_ENTRIES PROVIDED_
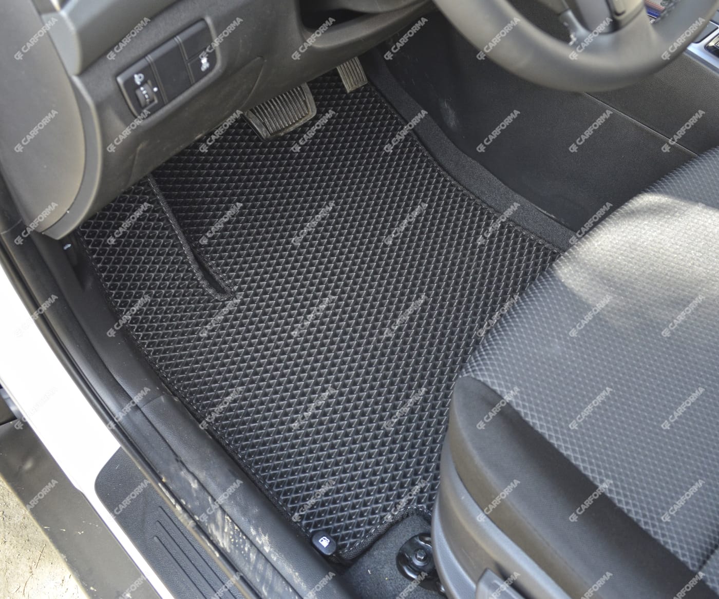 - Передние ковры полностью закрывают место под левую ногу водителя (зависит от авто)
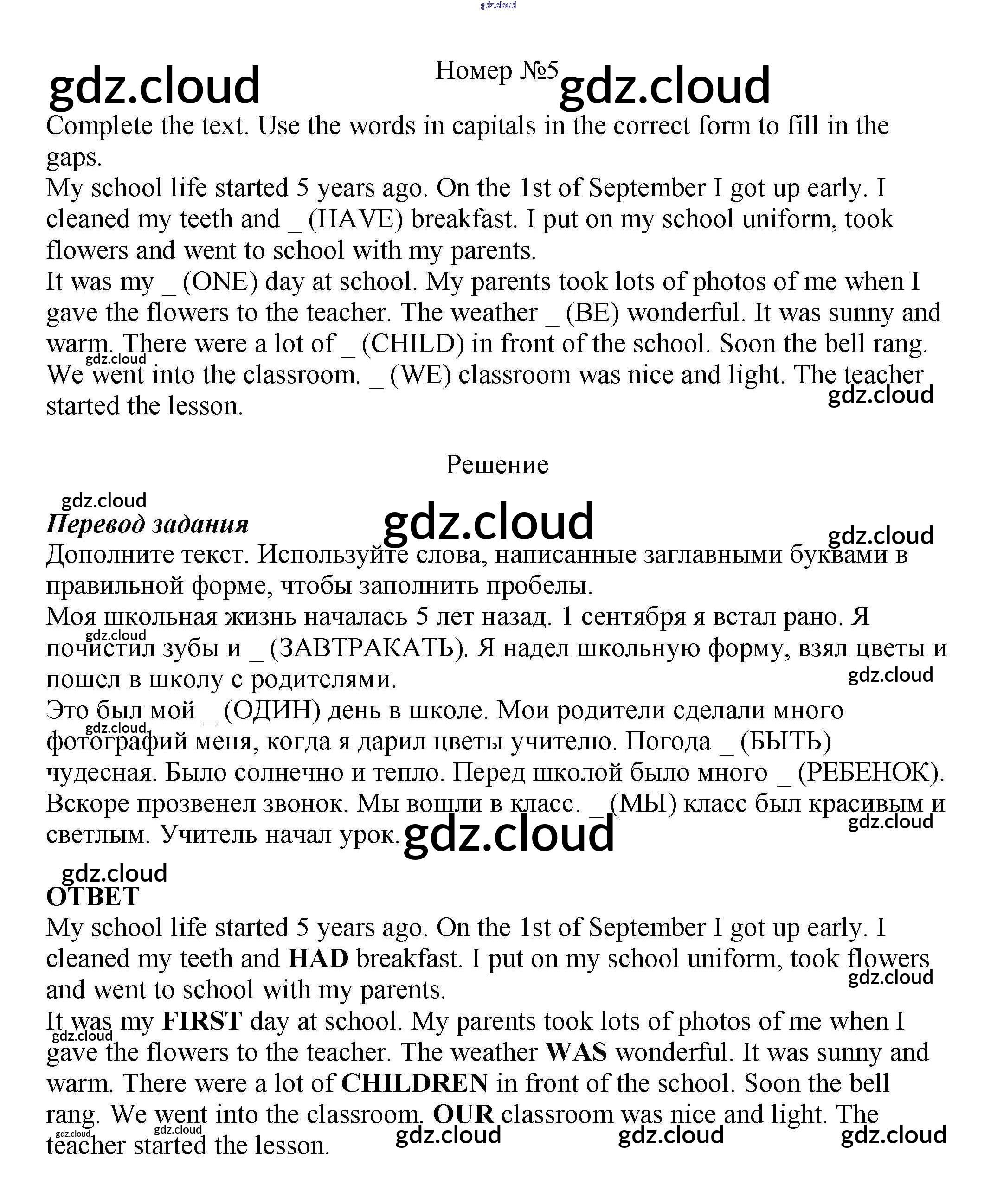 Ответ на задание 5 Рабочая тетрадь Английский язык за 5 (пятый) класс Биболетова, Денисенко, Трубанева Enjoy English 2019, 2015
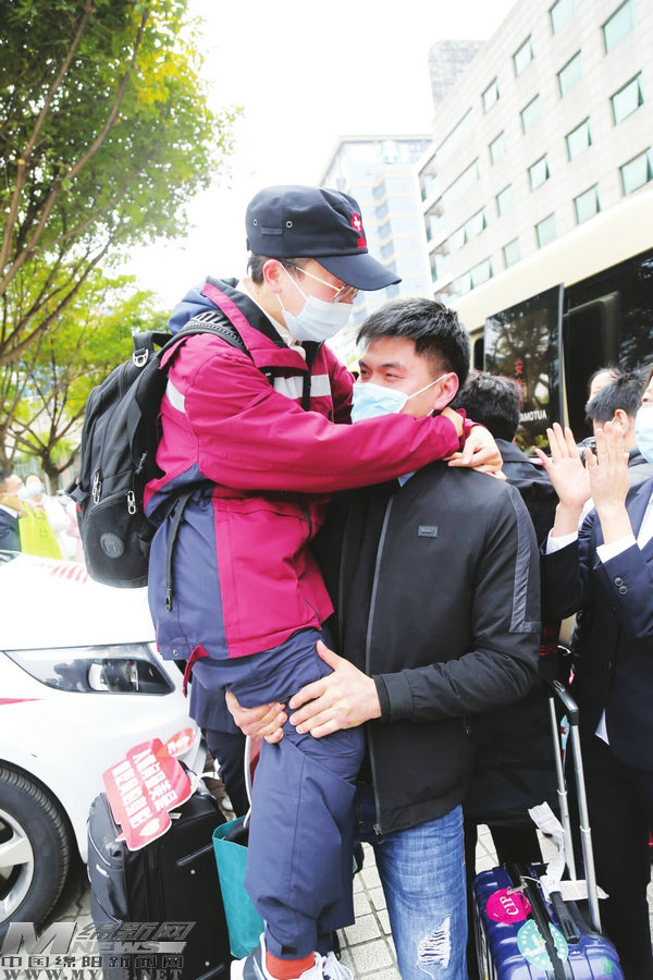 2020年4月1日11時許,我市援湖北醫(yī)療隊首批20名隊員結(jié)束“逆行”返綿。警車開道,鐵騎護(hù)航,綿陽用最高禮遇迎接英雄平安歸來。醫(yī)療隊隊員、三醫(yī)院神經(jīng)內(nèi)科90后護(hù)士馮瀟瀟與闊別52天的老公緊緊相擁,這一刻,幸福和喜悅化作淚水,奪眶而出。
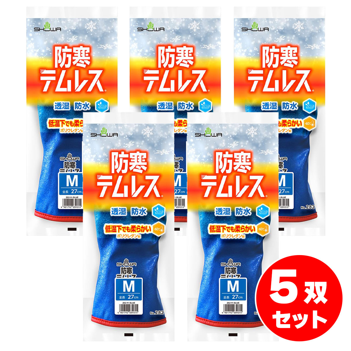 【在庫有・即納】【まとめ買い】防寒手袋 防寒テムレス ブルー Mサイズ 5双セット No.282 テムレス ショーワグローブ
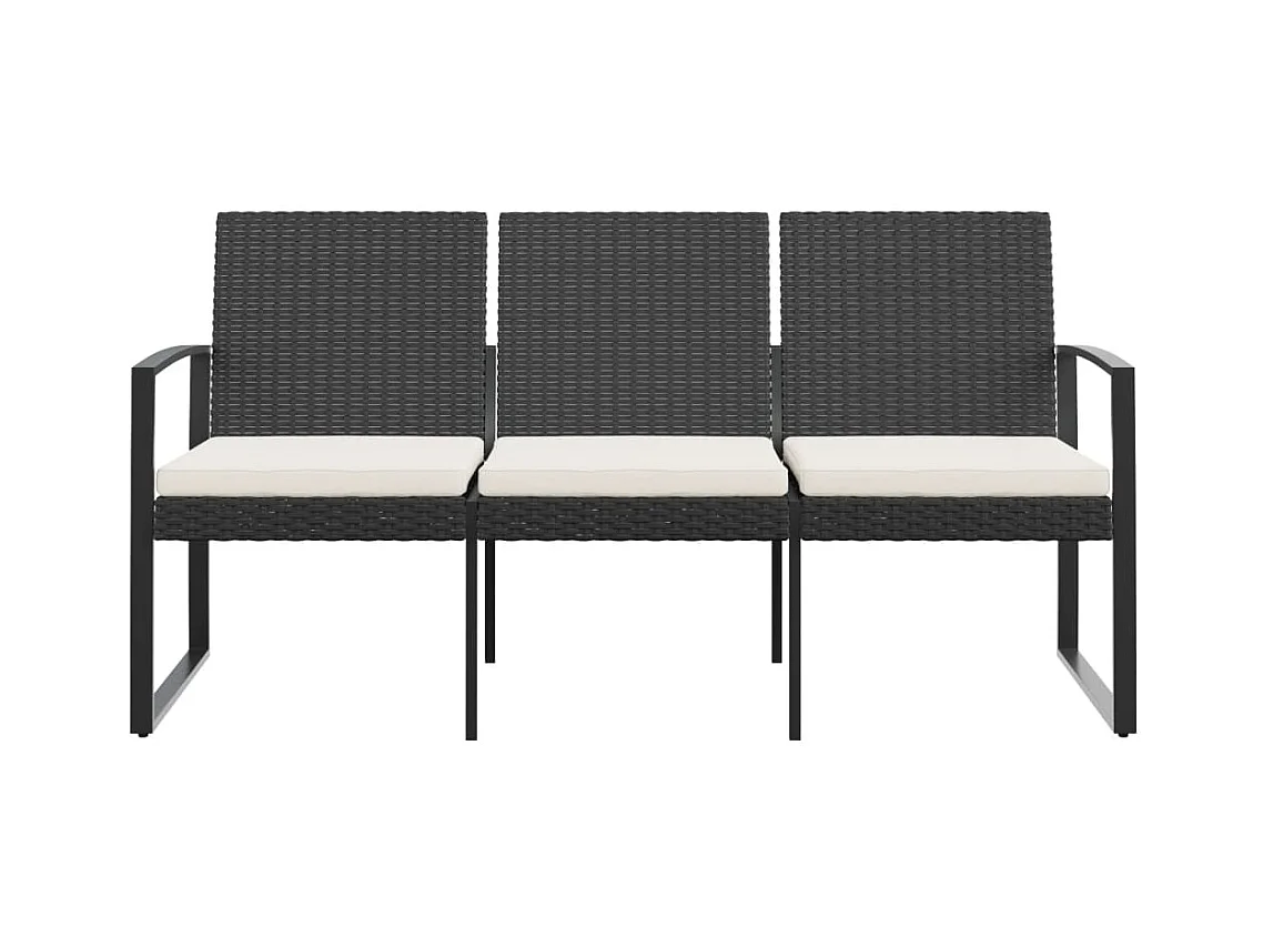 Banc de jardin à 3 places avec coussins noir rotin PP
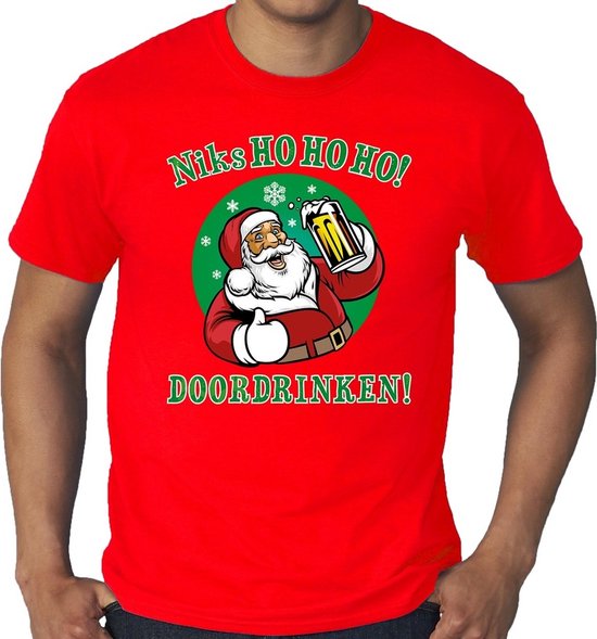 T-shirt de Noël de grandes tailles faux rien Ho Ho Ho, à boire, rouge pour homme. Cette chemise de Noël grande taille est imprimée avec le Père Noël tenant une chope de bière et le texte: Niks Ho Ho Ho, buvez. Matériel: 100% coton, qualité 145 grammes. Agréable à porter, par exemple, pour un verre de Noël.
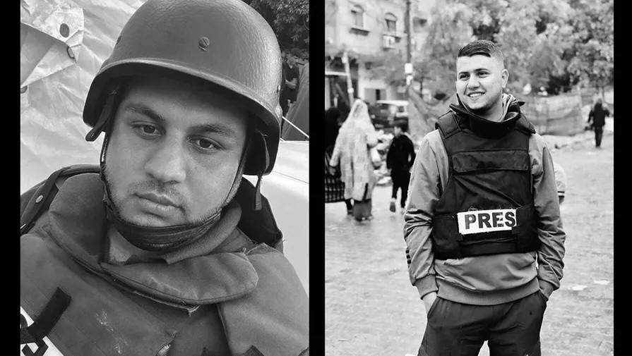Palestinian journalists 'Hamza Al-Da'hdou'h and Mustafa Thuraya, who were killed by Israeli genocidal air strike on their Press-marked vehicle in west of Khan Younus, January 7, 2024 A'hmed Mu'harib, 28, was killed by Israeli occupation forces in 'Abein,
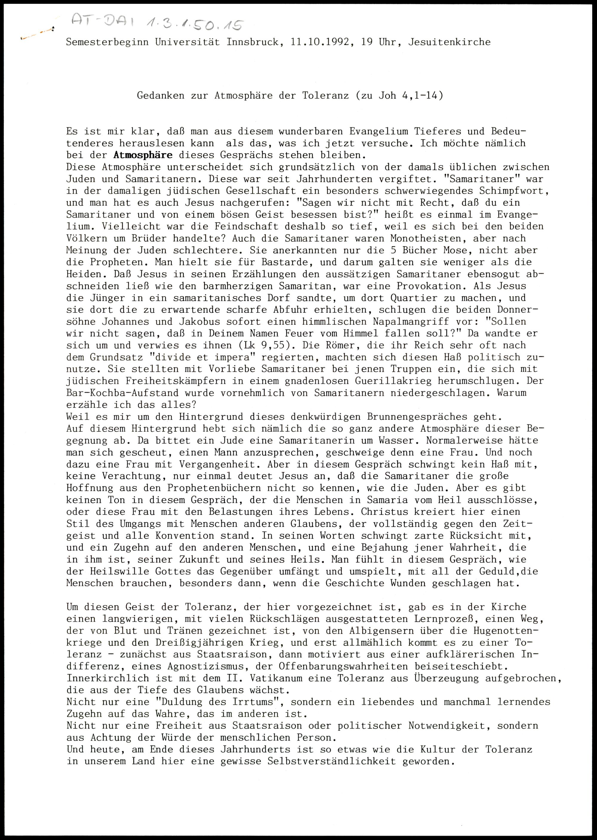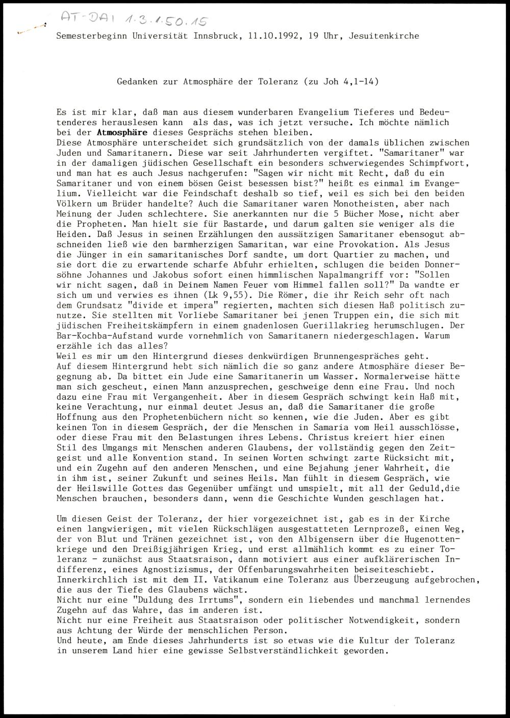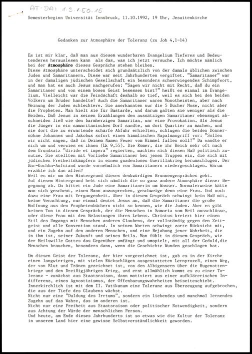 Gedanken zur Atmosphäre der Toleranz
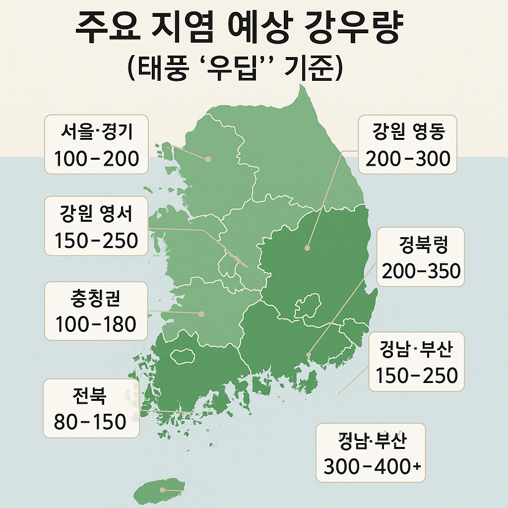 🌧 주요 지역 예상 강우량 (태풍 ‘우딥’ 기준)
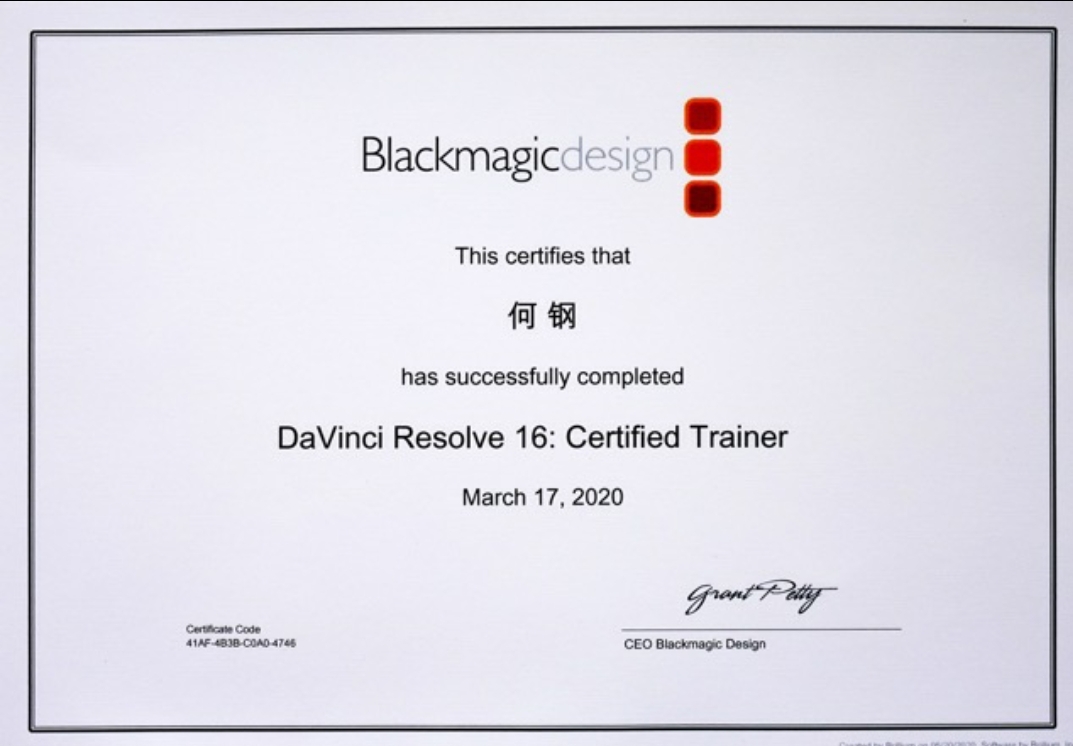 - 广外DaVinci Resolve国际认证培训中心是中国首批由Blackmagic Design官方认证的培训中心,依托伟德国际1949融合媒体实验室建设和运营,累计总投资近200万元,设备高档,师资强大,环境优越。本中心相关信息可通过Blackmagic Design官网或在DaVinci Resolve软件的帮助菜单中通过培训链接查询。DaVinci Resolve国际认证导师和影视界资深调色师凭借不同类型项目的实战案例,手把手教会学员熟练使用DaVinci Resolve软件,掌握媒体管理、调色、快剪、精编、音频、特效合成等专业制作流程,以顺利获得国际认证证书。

_PROBLEM STATEMENT_
Restate all the material verbatim; omit every picture.

_ANSWER TO THIS EXERCISE_
 - Передние ковры полностью закрывают место под левую ногу водителя (зависит от авто)
 Ответ на задание 5 Рабочая тетрадь Английский язык за 5 (пятый) класс Биболетова, Денисенко, Трубанева Enjoy English 2019, 2015
 2020年4月1日11時許,我市援湖北醫(yī)療隊首批20名隊員結(jié)束“逆行”返綿。警車開道,鐵騎護(hù)航,綿陽用最高禮遇迎接英雄平安歸來。醫(yī)療隊隊員、三醫(yī)院神經(jīng)內(nèi)科90后護(hù)士馮瀟瀟與闊別52天的老公緊緊相擁,這一刻,幸福和喜悅化作淚水,奪眶而出。
 【在庫有・即納】【まとめ買い】防寒手袋 防寒テムレス ブルー Mサイズ 5双セット No.282 テムレス ショーワグローブ
 Banc de jardin à 3 places avec coussins noir rotin PP
 T-shirt de Noël de grandes tailles faux rien Ho Ho Ho, à boire, rouge pour homme. Cette chemise de Noël grande taille est imprimée avec le Père Noël tenant une chope de bière et le texte: Niks Ho Ho Ho, buvez. Matériel: 100% coton, qualité 145 grammes. Agréable à porter, par exemple, pour un verre de Noël.
Palestinian journalists 'Hamza Al-Da'hdou'h and Mustafa Thuraya, who were killed by Israeli genocidal air strike on their Press-marked vehicle in west of Khan Younus, January 7, 2024 A'hmed Mu'harib, 28, was killed by Israeli occupation forces in 'Abein,
 Gedanken zur Atmosphäre der Toleranz
 🌧 주요 지역 예상 강우량 (태풍 ‘우딥’ 기준)
 - 广外DaVinci Resolve国际认证培训中心是中国首批由Blackmagic Design官方认证的培训中心,依托伟德国际1949融合媒体实验室建设和运营,累计总投资近200万元,设备高档,师资强大,环境优越。本中心相关信息可通过Blackmagic Design官网或在DaVinci Resolve软件的帮助菜单中通过培训链接查询。DaVinci Resolve国际认证导师和影视界资深调色师凭借不同类型项目的实战案例,手把手教会学员熟练使用DaVinci Resolve软件,掌握媒体管理、调色、快剪、精编、音频、特效合成等专业制作流程,以顺利获得国际认证证书。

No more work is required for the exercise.